**EXTRACTED MATERIAL**:
#####
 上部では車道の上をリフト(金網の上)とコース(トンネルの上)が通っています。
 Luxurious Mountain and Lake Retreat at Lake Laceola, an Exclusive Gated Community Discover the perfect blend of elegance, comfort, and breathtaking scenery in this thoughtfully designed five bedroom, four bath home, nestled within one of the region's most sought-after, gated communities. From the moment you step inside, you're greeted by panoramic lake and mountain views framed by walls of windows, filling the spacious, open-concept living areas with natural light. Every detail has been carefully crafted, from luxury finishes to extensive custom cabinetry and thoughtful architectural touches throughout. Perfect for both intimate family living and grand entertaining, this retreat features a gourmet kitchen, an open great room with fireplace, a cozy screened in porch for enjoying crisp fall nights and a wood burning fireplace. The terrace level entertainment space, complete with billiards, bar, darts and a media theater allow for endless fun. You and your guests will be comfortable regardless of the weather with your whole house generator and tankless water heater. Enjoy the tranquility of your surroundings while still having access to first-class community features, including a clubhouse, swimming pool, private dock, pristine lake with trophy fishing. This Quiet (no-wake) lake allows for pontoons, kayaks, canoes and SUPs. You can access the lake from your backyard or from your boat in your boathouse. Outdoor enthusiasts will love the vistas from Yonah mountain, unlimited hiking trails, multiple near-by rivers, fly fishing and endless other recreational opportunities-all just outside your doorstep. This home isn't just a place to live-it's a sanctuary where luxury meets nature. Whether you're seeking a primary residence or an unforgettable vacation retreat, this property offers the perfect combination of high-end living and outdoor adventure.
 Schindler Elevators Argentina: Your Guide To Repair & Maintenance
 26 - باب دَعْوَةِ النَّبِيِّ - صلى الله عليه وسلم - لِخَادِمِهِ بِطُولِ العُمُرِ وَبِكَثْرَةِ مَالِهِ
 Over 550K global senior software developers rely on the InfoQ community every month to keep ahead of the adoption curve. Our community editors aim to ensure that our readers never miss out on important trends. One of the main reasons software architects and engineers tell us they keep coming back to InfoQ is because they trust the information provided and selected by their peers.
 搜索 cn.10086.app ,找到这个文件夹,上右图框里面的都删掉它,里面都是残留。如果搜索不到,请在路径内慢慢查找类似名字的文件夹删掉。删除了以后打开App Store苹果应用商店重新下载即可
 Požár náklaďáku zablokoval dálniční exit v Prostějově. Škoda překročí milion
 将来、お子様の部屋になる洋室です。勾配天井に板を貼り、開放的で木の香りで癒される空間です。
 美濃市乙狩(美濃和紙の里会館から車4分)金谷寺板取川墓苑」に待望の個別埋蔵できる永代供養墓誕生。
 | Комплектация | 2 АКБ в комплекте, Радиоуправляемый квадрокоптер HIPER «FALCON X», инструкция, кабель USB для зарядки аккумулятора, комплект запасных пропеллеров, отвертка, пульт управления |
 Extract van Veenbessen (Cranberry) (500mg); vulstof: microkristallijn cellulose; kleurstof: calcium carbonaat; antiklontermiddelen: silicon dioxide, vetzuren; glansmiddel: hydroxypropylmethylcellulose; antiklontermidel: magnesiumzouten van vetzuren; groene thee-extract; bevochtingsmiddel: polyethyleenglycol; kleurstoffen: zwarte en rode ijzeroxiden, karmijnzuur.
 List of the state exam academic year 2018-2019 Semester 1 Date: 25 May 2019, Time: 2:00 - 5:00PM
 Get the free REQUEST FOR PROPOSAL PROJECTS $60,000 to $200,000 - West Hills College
#####
**ASSIGNMENT**: Your reply should be nothing but the lines from the one containing "将来、お子様の部屋になる洋室" through the last line above, copied exactly; please include both ends.

**EXERCISE RESULT**:
 将来、お子様の部屋になる洋室です。勾配天井に板を貼り、開放的で木の香りで癒される空間です。
 美濃市乙狩(美濃和紙の里会館から車4分)金谷寺板取川墓苑」に待望の個別埋蔵できる永代供養墓誕生。
 | Комплектация | 2 АКБ в комплекте, Радиоуправляемый квадрокоптер HIPER «FALCON X», инструкция, кабель USB для зарядки аккумулятора, комплект запасных пропеллеров, отвертка, пульт управления |
 Extract van Veenbessen (Cranberry) (500mg); vulstof: microkristallijn cellulose; kleurstof: calcium carbonaat; antiklontermiddelen: silicon dioxide, vetzuren; glansmiddel: hydroxypropylmethylcellulose; antiklontermidel: magnesiumzouten van vetzuren; groene thee-extract; bevochtingsmiddel: polyethyleenglycol; kleurstoffen: zwarte en rode ijzeroxiden, karmijnzuur.
 List of the state exam academic year 2018-2019 Semester 1 Date: 25 May 2019, Time: 2:00 - 5:00PM
 Get the free REQUEST FOR PROPOSAL PROJECTS $60,000 to $200,000 - West Hills College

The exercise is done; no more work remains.